The only reason to view the scratch directory is (1) to monitor run progress, and (2) debugging in the event of ensemble failure. In the latter case, the KILL_ENS file may contain a short error message that can help the user identify the most relevant log file for debugging. See the Help! CHEEREIO killed my ensemble section for more details on how to debug CHEEREIO and repair the ensemble for eventual resubmission.

The Ensemble Runs Directory

The Ensemble Runs directory is created in two stages over the course of running setup_ensemble.sh: ensemble run scripts are created when setup_ensemble.sh creates the Template Run directory, while the individual ensemble run directories are created when SetupEnsembleRuns is set to true after the Template Run directory has been created and (optionally) edited by the user. Contents of the completely created Ensemble Runs Directory are as follows:

  • The run_ensemble_simulations.sh bash script is a complex batch submission script that manages the starting and stopping of a single GEOS-Chem ensemble member run, executes the subset of the LETKF operation that is assigned to this ensemble member (including coordinating internal core-wise parallelization), and, for the “master” ensemble member (always ensemble member 1), coordinates the overall ensemble (e.g. file clean-up, resynchronization, restart and scaling updates).
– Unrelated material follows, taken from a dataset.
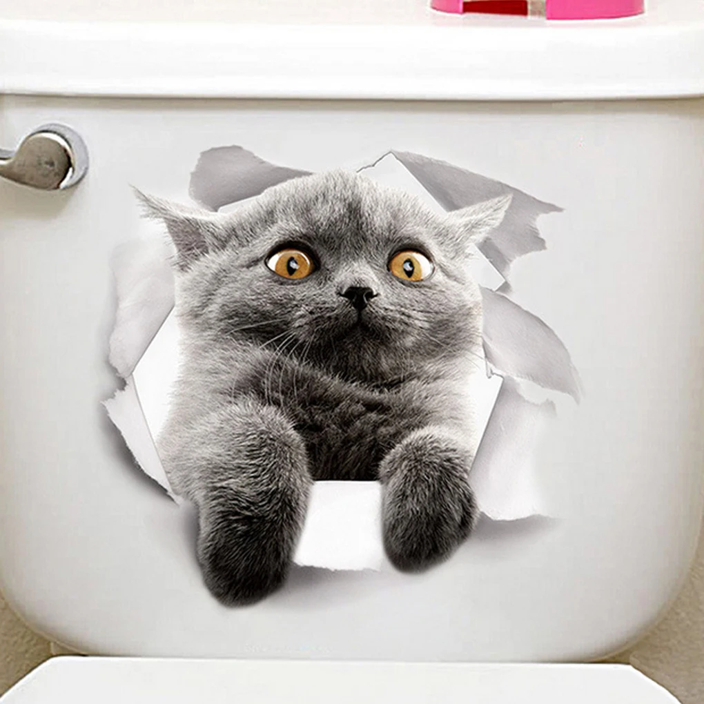 Горячие 3D милый котенок наклейка на крышку унитаза дети Спальня стены Deocration Кот стикер для холодильника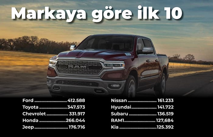 Ford, Chevrolet ve Ram markalarının birer kamyonet modeli podyumun ilk üç basamağındaki yerini koruyorlar.

More details are available in the About the Run Ensemble Simulations script entry. The user never executes this script directly.

  • The run_ens.sh bash script contains simple instructions on how to submit a job array of ensemble member simulations (i.e. instances of run_ensemble_simulations.sh) to the SLURM scheduler. We recommend this script be executed via nohup bash run_ens.sh &. After this command is given, the ensemble will run until completion.

  • The log folder contains the vast number of log files produced by the ensemble as it runs. The only exception is GEOS-Chem log files, which are contained in the individual ensemble run directories. There are four types of files in the log folder:

    • ensemble_slurm_JOBNUMBER.err files. One such file is present for each ensemble member. These contain errors returned to the program on the shell-level. If all goes well, this will be empty. Otherwise, they can be very useful in determining what went wrong at runtime.

    • ensemble_slurm_JOBNUMBER.out files. One such file is present for each ensemble member. These contain regular output returned to the program on the shell-level. These won’t have much in them and are rarely worth looking at.

    • letkf_ENSNUMBER_CORENUMBER.out files. One file is present for each core assigned columns to assimilate within each ensemble member. They contain real-time information about what this particular core is doing at assimilation time (including overall time taken to load files and compute assimilated columns). These files are useful for tracking run progress

    • The letkf_master.out file. Only one of these files is created by ensemble member 1, which is by default the “job manager” (coordinates ensemble members, does file clean-up and NetCDF updates, etc.). Like the other LETKF log files, this contains real-time information about the combination of assimilated columns and the updates of NetCDF files.

  • The ensemble run directory folders, each with name SimulationName_FourDigitEnsembleMemberID. These are standard GEOS-Chem run directories, copied from the Template Run Directory. The only difference between these ensemble members and other run directories are that these lack individual run scripts. In addition, HEMCO_Config.rc is linked to NetCDF files containing gridded scaling factors which are updated at assimilation time. Unique instances of these scaling factors are present in each of these folders and have names of form *_SCALEFACTOR.nc.